Work instruction ▸
Beginning at the line that contains "A Rádio Justiça", output each line exactly through the end of the records, and drop any pictures.

Start of Block

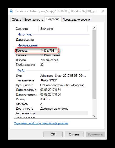- Чтобы узнать размеры изображения, нажмите на него правой кнопкой мыши и перейдите в «Свойства», а там в раздел «Подробно».
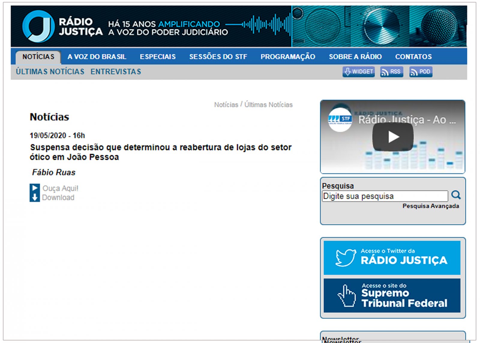 A Rádio Justiça do Supremo Tribunal Federal repercutiu, nessa terça-feira (19), decisão do desembargador Luiz Silvio Ramalho Júnior, que deferiu pedido de liminar para sustar os efeitos da decisão de 1º Grau, autorizando a reabertura dos estabelecimentos que exploram o comércio varejista de material óptico na cidade de João Pessoa. A determinação atendeu a uma solicitação do Município de João Pessoa, que ingressou com o Agravo de Instrumento nº 0806246-87.2020.8.15.0000.
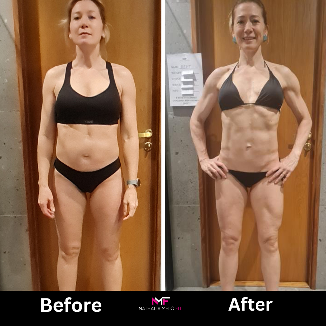 Juliana is an Executive mom of two, and in 5 months she lost over 20lbs while traveling at least once a month, and between these pictures, she spent 3 weeks on vacation!
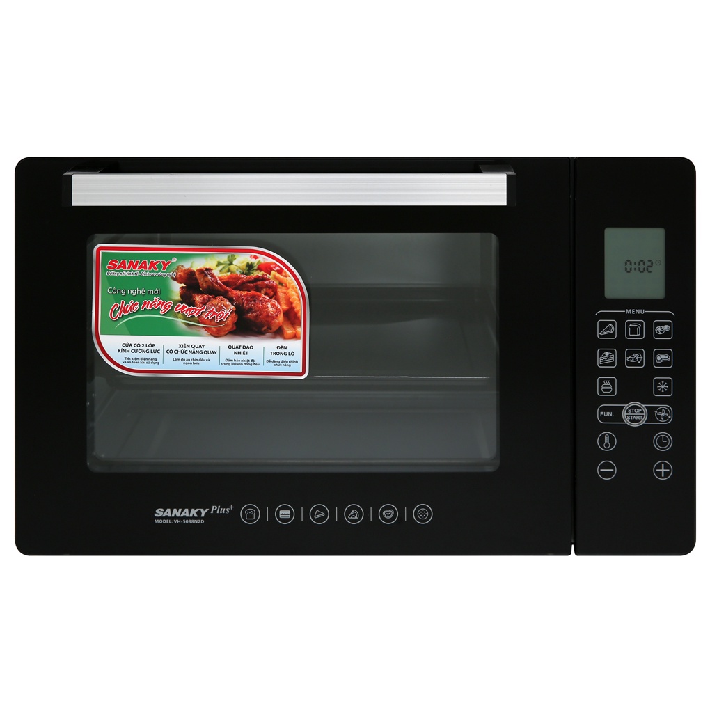 - Lò nướng Sanaky VH 5088N2D 50 lít thương hiệu uy tín, chất lượng, thiết kế hiện đại đẹp mắt cùng màn hình hiển thị, nút bấm cảm ứng... xứng đáng là trợ thủ đắc lực cho các món nướng của gia đình bạn.
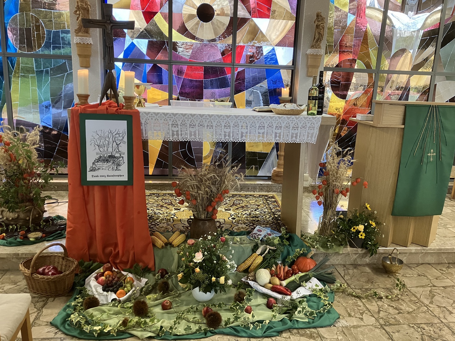 Erntedank ruft uns in Erinnerung, dass wir Teil der Schöpfung Gottes sind und dass dieser seine Schöpfung uns anvertraut hat. Zur Feier und aus Dank werden die Kirchen mit Früchten, Gemüse, Blumen und Brot geschmückt.

End of Block

Response box ▸
 A Rádio Justiça do Supremo Tribunal Federal repercutiu, nessa terça-feira (19), decisão do desembargador Luiz Silvio Ramalho Júnior, que deferiu pedido de liminar para sustar os efeitos da decisão de 1º Grau, autorizando a reabertura dos estabelecimentos que exploram o comércio varejista de material óptico na cidade de João Pessoa. A determinação atendeu a uma solicitação do Município de João Pessoa, que ingressou com o Agravo de Instrumento nº 0806246-87.2020.8.15.0000.
 Juliana is an Executive mom of two, and in 5 months she lost over 20lbs while traveling at least once a month, and between these pictures, she spent 3 weeks on vacation!
 - Lò nướng Sanaky VH 5088N2D 50 lít thương hiệu uy tín, chất lượng, thiết kế hiện đại đẹp mắt cùng màn hình hiển thị, nút bấm cảm ứng... xứng đáng là trợ thủ đắc lực cho các món nướng của gia đình bạn.
 Erntedank ruft uns in Erinnerung, dass wir Teil der Schöpfung Gottes sind und dass dieser seine Schöpfung uns anvertraut hat. Zur Feier und aus Dank werden die Kirchen mit Früchten, Gemüse, Blumen und Brot geschmückt.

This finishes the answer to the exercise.